When interpreting such data, construct a comprehensive model that accounts for these variables, particularly the critical role of nitrogen status in determining MADS27 expression patterns under stress conditions.

How can MADS27 antibodies be used to study transcription factor complexes?

MADS27 antibodies can be powerful tools for investigating transcription factor complexes through the following methodological approaches:

• Co-immunoprecipitation (Co-IP):

  • Use anti-MADS27 antibodies to pull down MADS27 protein complexes from plant nuclear extracts

  • Identify interacting partners through mass spectrometry analysis

  • Verify specific interactions with candidate proteins by western blotting

  • Compare protein interactions under different conditions (control vs. nitrogen or salt stress)

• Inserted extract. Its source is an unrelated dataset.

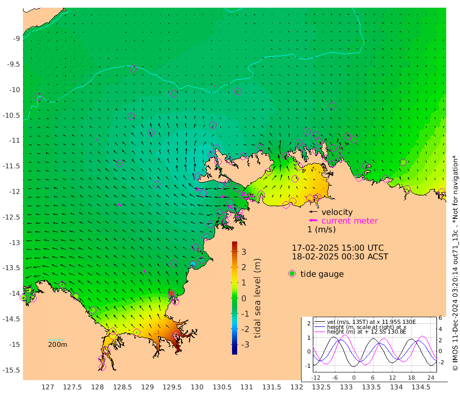 62cm/s -103T +4cm/s rms + 6cm/s 51T. Darwin_C1 52m 32cm/s -86T +4cm/s rms + 7cm/s -161T. Darwin_CW1 22m 37cm/s -110T +4cm/s rms + 8cm/s 61T. Darwin_CW2 34m 8cm/s -85T +3cm/s rms + 9cm/s 98T. Darwin_CW3 22m 18cm/s -102T +5cm/s rms + 7cm/s 88T. Darwin_C3 56m 40cm/s -117T +2cm/s rms + 9cm/s -126T. Darwin_CTbW 22m 9cm/s -39T +9cm/s rms + 2cm/s -110T. NWSLYN 196m 69cm/s -87T +1cm/s rms + 1cm/s -47T. DARBGF 30m 9cm/s -102T +7cm/s rms + 2cm/s -137T. ITFTIS 464m 20cm/s -30T +9cm/s rms + 1cm/s 74T. ITFMHB 146m 46cm/s -32T +4cm/s rms + 1cm/s -134T. ITFJBG 61m 48cm/s -52T +6cm/s rms + 4cm/s 121T. ITFFTB 108m 73cm/s -55T +4cm/s rms + 3cm/s 80T. NRSDAR 19m 48cm Carronade Island 46cm Guy Point 59cm Napier Broome Bay 25cm Lesueur Island 36cm Reveley Island 56cm Rocky Island 91cm Cape Domett 71cm Lacrosse Island 151cm Adolphus Island 235cm Pender Point 276cm Wyndham -63cm The Boxers -78cm Unnamed Shoal -60cm Loxton Shoal 69cm Pelican Island -85cm Calder Shoal -69cm Evans Shoal 221cm Quoin Island -7cm Port Keats 7cm Jones Point 301cm Catfish Island -64cm Cape Scott Offshore -156cm Cape Ford -80cm Anson Bay -83cm Goodrich Bank -78cm Peron Island North -97cm Point Jenny -101cm Native Point -86cm Fish Reef -96cm Tapa Bay -111cm Point Fawcett (Offshore) -80cm Burge Point -106cm Munkunuwa -104cm Beagle A -73cm Parsons Bank -83cm Fenton Patches -63cm Lynedoch Bank -60cm Hancox Shoal Area -79cm Nightcliff -60cm Darwin -81cm Charles Point Patches 15cm Glyde Point 104cm Chambers Bay 134cm Point Stuart 42cm Cape Hotham 88cm Christine Reef 157cm West Alligator Head 198cm East Field Island 75cm Two Hills Bay -84cm Newby Shoal 61cm Camp Point -90cm Medina Inlet South -113cm South Barlow Point -110cm St. Asaph Bay -90cm Cape Van Dieman -90cm Snake Bay -78cm Cache Point -45cm Echo Shoal -63cm Point Jahleel (Off) -23cm Cape Don -54cm Port Essington -61cm Smith Point - West -54cm NW Peacock Island -63cm North Of Jones Shoal -21cm Peacock Island -32cm Point David -57cm D'urville Point -44cm Money Shoal -28cm Copeland Island -31cm Cape Cockburn -31cm One Tree Point -21cm Hogmany Shoal -28cm New Year Island - West -26cm Grant Island -4cm Aurari Bay 25cm Cuthbert Point -8cm North Goulburn Island 37cm Paxie Shoal 58cm Entrance Island 95cm Yabooma Island

• Chromatin immunoprecipitation followed by sequencing (ChIP-seq):

  • Apply ChIP protocols using MADS27 antibodies to identify genome-wide binding sites

  • Analyze enriched DNA sequences for common motifs beyond the canonical CArG boxes

  • Compare binding profiles under different environmental conditions

  • Integrate with transcriptome data to correlate binding with gene expression changes

• Proximity-dependent labeling:

  • Create fusion proteins of MADS27 with enzymes like BioID or APEX2

  • Use antibodies to immunoprecipitate the fusion protein and identify proximal proteins

  • This approach can capture both stable and transient interactions in the native cellular environment

• Sequential ChIP (Re-ChIP):

  • Perform sequential immunoprecipitations using MADS27 antibodies followed by antibodies against suspected partner proteins

  • This approach can identify genomic loci bound by specific transcription factor complexes

  • Based on known MADS-box protein dimerization, this could reveal regulatory mechanisms

• Combination with proteomics:

  • Use antibodies to purify MADS27 complexes under different stress conditions

  • Compare complex composition through differential proteomics

  • Identify post-translational modifications that may regulate complex formation

What are the emerging applications of MADS27 antibodies in agricultural research?

MADS27 antibodies are becoming increasingly valuable in agricultural research applications:

• Crop improvement programs:

  • Screen breeding lines for MADS27 protein expression levels as a potential marker for enhanced salt tolerance

  • Monitor MADS27 protein levels in response to different nitrogen fertilization regimes to optimize fertilizer application

  • Evaluate MADS27 expression in different rice varieties to correlate with stress tolerance traits

• Gene editing validation:

  • Verify protein-level changes in CRISPR/Cas9-edited lines targeting MADS27 or its regulatory elements

  • Compare protein expression between wild-type and edited plants under various environmental conditions

• Functional studies of natural variants:

  • Use antibodies to assess protein expression levels of different natural MADS27 alleles

  • Correlate protein expression with phenotypic differences in stress tolerance

• Environmental response monitoring:

  • Develop high-throughput ELISA-based screening methods to assess MADS27 protein levels as biomarkers for nitrogen status or salt stress

  • Monitor temporal changes in MADS27 expression during stress conditions in field trials

• Translational research:

  • Apply knowledge from rice MADS27 to identify and characterize orthologous proteins in other important crops

  • Use antibodies to compare regulation and function across species to identify conserved stress response mechanisms

This research directly contributes to developing crops with enhanced nutrient use efficiency and stress tolerance, addressing critical challenges in sustainable agriculture.